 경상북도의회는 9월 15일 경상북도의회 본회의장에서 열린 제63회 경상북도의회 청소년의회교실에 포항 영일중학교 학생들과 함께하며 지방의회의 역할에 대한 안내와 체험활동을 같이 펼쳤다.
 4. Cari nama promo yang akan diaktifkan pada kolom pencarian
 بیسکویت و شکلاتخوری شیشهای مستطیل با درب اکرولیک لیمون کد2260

**********

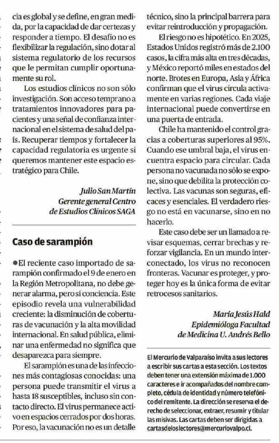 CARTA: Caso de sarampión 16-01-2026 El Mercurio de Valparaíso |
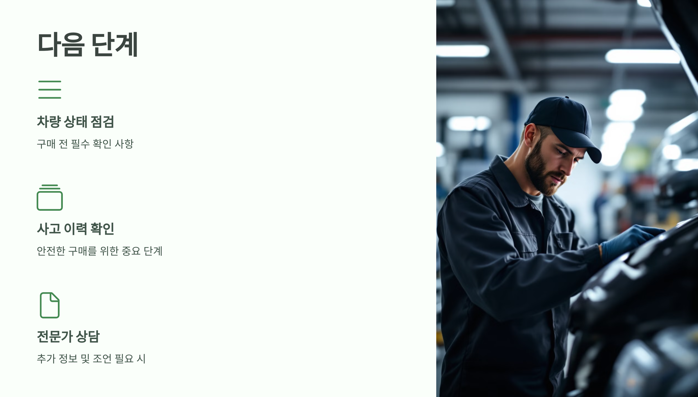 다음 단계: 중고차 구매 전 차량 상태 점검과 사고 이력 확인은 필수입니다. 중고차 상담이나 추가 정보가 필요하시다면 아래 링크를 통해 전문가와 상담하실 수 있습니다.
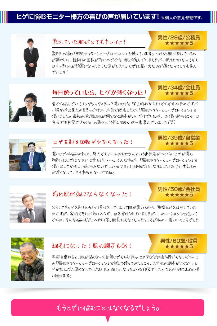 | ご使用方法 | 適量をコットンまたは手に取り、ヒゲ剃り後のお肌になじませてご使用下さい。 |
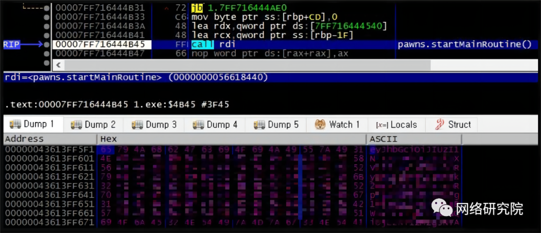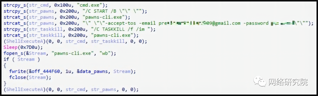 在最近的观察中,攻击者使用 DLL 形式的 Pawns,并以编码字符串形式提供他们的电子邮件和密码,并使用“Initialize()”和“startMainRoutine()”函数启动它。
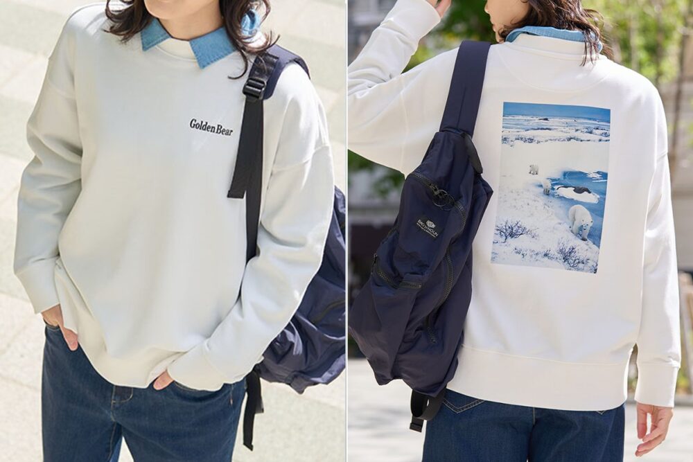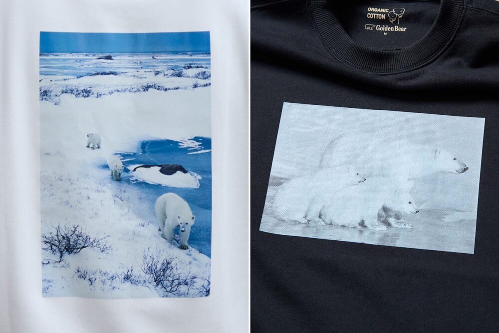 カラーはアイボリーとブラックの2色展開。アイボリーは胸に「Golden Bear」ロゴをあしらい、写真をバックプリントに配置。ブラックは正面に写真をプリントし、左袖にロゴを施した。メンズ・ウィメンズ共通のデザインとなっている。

**********

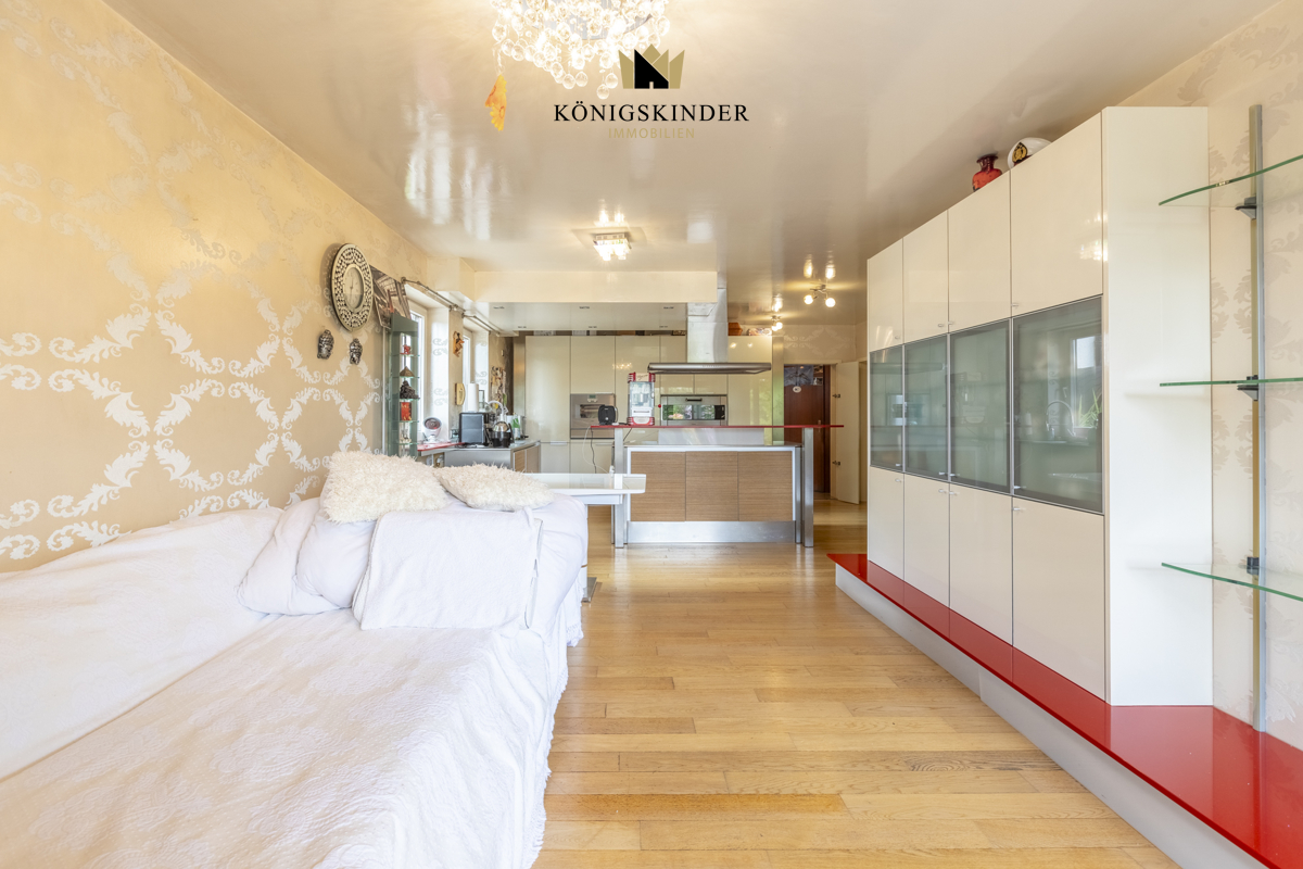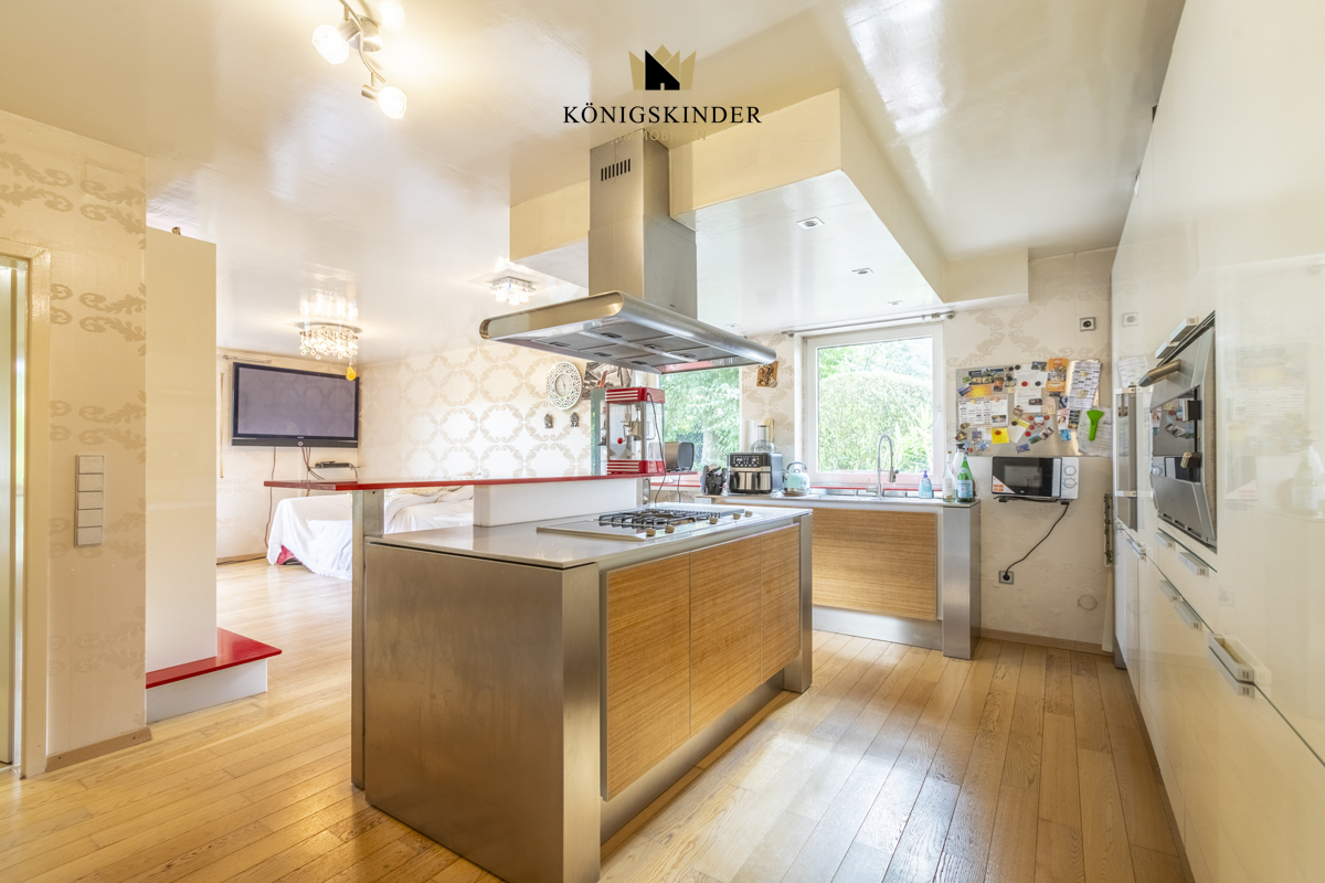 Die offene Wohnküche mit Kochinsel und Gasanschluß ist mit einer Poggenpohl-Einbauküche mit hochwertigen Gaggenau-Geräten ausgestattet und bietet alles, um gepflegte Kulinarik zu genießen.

**********

### PROMPT
Using the data above, output the line that has "在最近的观察中,攻击者使用 DLL 形式的", the line that has "カラーはアイボリーとブラック", and whatever lines fall between, each exactly as it stands and without pictures.

### RESPONSE AREA
 在最近的观察中,攻击者使用 DLL 形式的 Pawns,并以编码字符串形式提供他们的电子邮件和密码,并使用“Initialize()”和“startMainRoutine()”函数启动它。
 カラーはアイボリーとブラックの2色展開。アイボリーは胸に「Golden Bear」ロゴをあしらい、写真をバックプリントに配置。ブラックは正面に写真をプリントし、左袖にロゴを施した。メンズ・ウィメンズ共通のデザインとなっている。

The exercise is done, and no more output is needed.